Ángel Monterrubio

Tente Nublao

Ángel Monterrubio


Olores

08/06/2022

Ayer paseé la ciudad un rato largo y casi de punta a punta. Lo que en principio era una putada, y de las gordas, se convirtió en un placer. Al coche le falló el 'bendi', al menos eso es lo que antes siempre se decía que le fallaba a los vehículos cuando no arrancaban y tenían buen nivel de batería, vamos que sonaba el pito. Total, que no pude ir caballero a mis jeras. Desde el inicio del periplo el pueblo me pareció extraño, como si se hubieran evaporado por arte de magia las referencias que me hacían familiares sus calles y rincones, hubo un momento, incluso, en que llegue a sentirme un poco incómodo. No parecía que estuviera caminando por Talavera. Aquí pasaba algo.
La respuesta llegó sola cuando crucé por la antigua puerta de la pastelería Marfil: ni rastro del olor a gloria bendita que salía por aquella puerta, ahora hay una óptica; claro, pensé, las gafas no huelen. Y es que, paciente lector, en la ciudad ya no queda ni rastro de los olores que viven en mis recuerdos y asocio íntimamente a lugares.
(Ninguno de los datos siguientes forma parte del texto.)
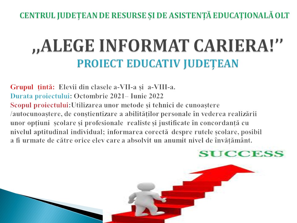 ALEGE INFORMAT CARIERA! – Proiect educativ județean
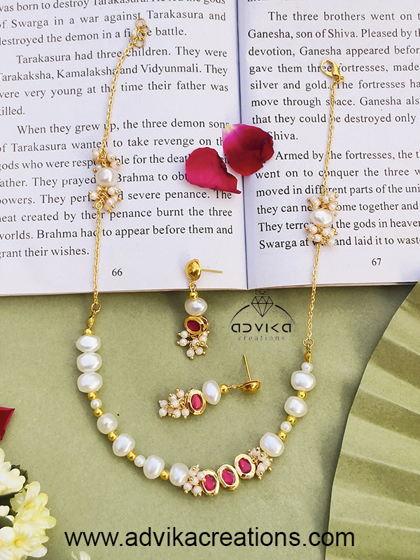 Add timeless grace to your ethnic look with this beautifully handcrafted pearl beads long necklace set, paired with matching earrings. The necklace features lustrous pearl beads arranged in a long, elegant silhouette, highlighted with pink kundan connectors that add a soft pop of colour and royal charm. Accented with golden beads and delicate loreals, the design reflects a perfect blend of traditional artistry and modern elegance.

Así que me puse a recordarlos, a evocarlos, como dicen los entendidos en vino y aquí están algunos de la larga lista: el ambientador barato de limón que el señor Urdiales, el acomodador, fumigaba en los descansos en el cine Palenque y del que después salía el perfume atenuado al exterior; el tufo mareante, dulzón, de los vientres abiertos de las reses en el matadero viejo, donde los chavales nos parábamos a fisgar cuando pasábamos para el colegio, los vapores deliciosos de los aromatizantes de la fábrica de gaseosas Loreto en Alférez Provisional; las emanaciones cálidas de los enormes rollos de tela  de la tienda vieja 'den ca las Marys' en el calle del Prado, los aromas secos y ásperos, que se agarraban a la garganta, de todas las esparterías de la Corredera del Cristo, y que se asociaban con el bacalao de Los Carteros en la misma calle, la fragancia de la tinta fresca de la Imprentas de Minerva, Ramiro Gómez o El Norte; la mixtura indescriptible que brotaba del mercado de abastos que iba atenuándose según avanzaba el día, los efluvios embriagadores de las pinturas de Carrocerías Reneo en la calle San Vicente; el hálito agridulce del teso de ganados que subía con los calores hasta el pueblo, los vahos de tierra mojada de los Jardines del Prado…No queda ni una pensé. Ah, sí, una, la bodega del Sotanillo y allí encaminé mis pasos para aspirar el penetrante olor de los encurtidos.